Task requirements –
Please repeat the whole listing exactly, but leave the pictures out.

Data section –
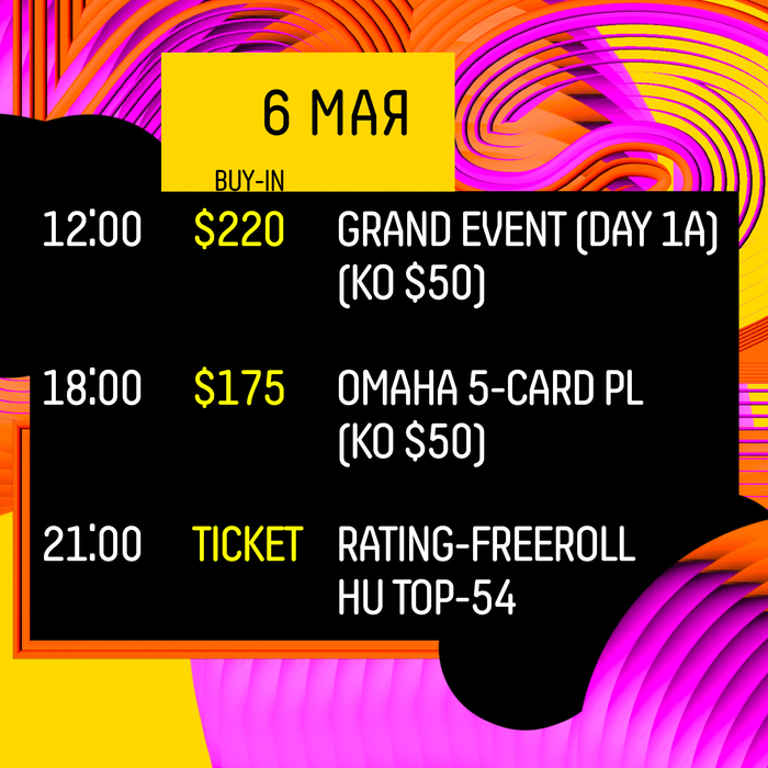 Второй день майской серии мы почти полностью посвятим турниру $220 Grand event. День 1А начнем в 12:00, отыграем 16 уровней и закончим около 20:45.
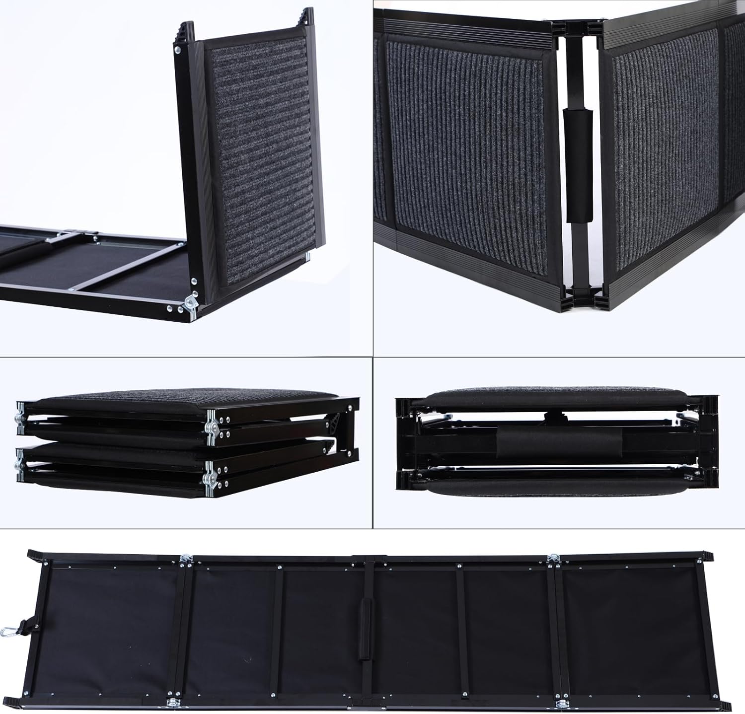 【Longer Length, Gentle Angle Dog Ramp】 : The length of the dog car ramp is increased to 71 inches, allowing for a smoother, gradual climb at an angle between the pet ramp and the car. It works really well compared to lifting your dog into the car or trying to get them to “jump” into the car. Makes it easier for short-legged, older, disabled or injured dogs to get in and out of a car, SUV or truck.
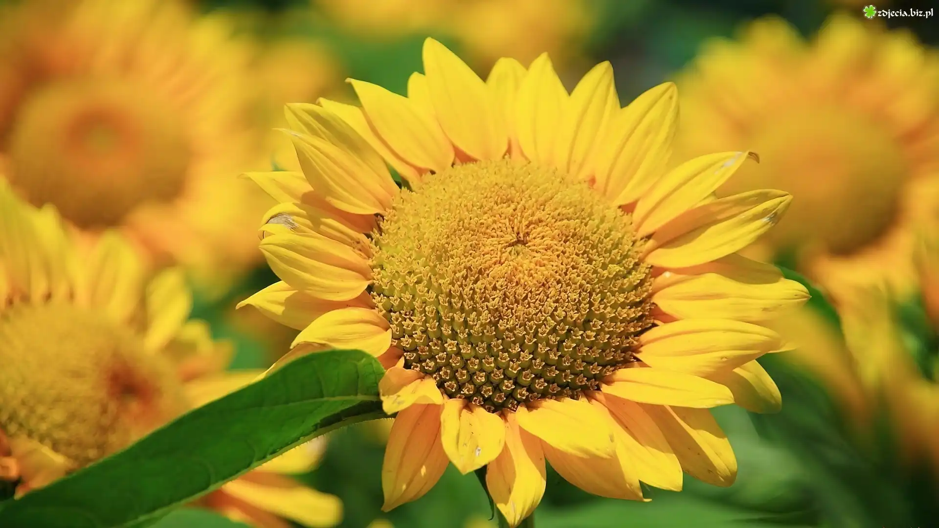 Zdjęcie Słoneczniki, Żółte, Płatki, Zielony, Liść

Exercise response –
 Второй день майской серии мы почти полностью посвятим турниру $220 Grand event. День 1А начнем в 12:00, отыграем 16 уровней и закончим около 20:45.
 【Longer Length, Gentle Angle Dog Ramp】 : The length of the dog car ramp is increased to 71 inches, allowing for a smoother, gradual climb at an angle between the pet ramp and the car. It works really well compared to lifting your dog into the car or trying to get them to “jump” into the car. Makes it easier for short-legged, older, disabled or injured dogs to get in and out of a car, SUV or truck.
 Zdjęcie Słoneczniki, Żółte, Płatki, Zielony, Liść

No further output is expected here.